## [Required work]
Leave out the pictures and repeat the data exactly.

## [Data extract]
* * * * * * * * *
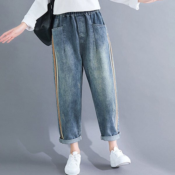 ユーズドジーンズパンツ サイズ ウエスト総ゴム平置き30cm 最大45cm 股下60cm わたり33cm 【素材・成分】 コットン
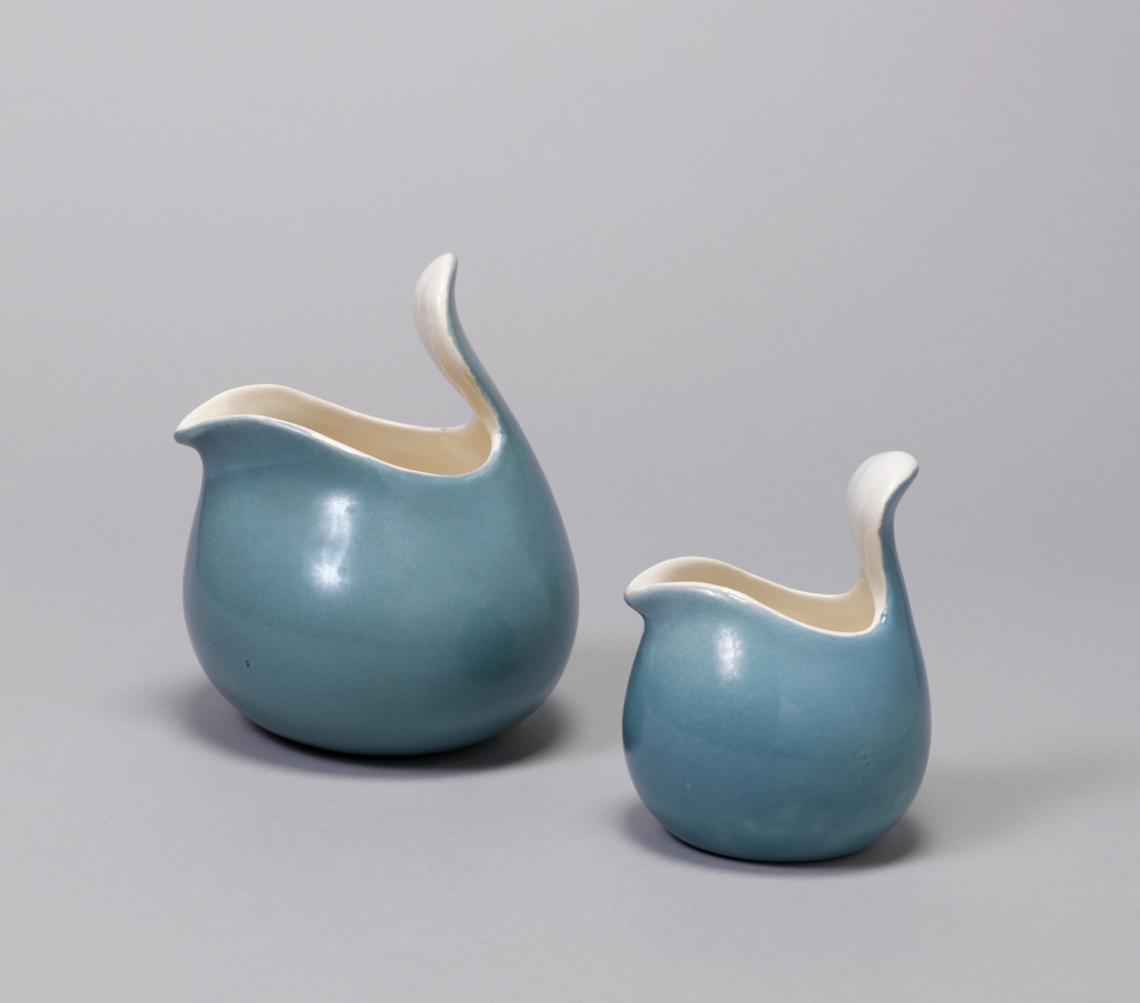 This is a creamer. It was designed by Eva Zeisel and manufactured by Red Wing Pottery. It is dated 1947 and we acquired it in 2000. Its medium is earthenware. It is a part of the Product Design and Decorative Arts department.
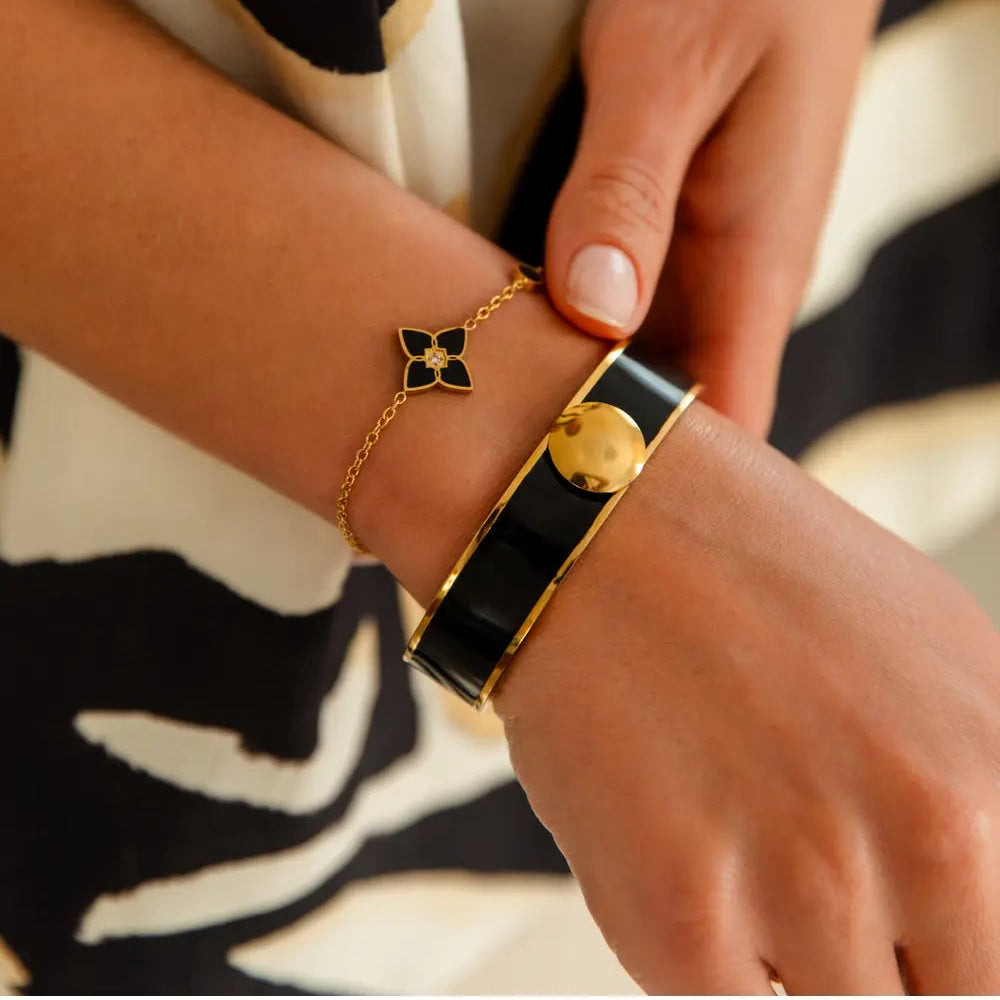 Elegant armband i ädelstål med svart emalj, tidlös och stilren design.
* * * * * * * * *
## [Output for this task]
 ユーズドジーンズパンツ サイズ ウエスト総ゴム平置き30cm 最大45cm 股下60cm わたり33cm 【素材・成分】 コットン
 This is a creamer. It was designed by Eva Zeisel and manufactured by Red Wing Pottery. It is dated 1947 and we acquired it in 2000. Its medium is earthenware. It is a part of the Product Design and Decorative Arts department.
 Elegant armband i ädelstål med svart emalj, tidlös och stilren design.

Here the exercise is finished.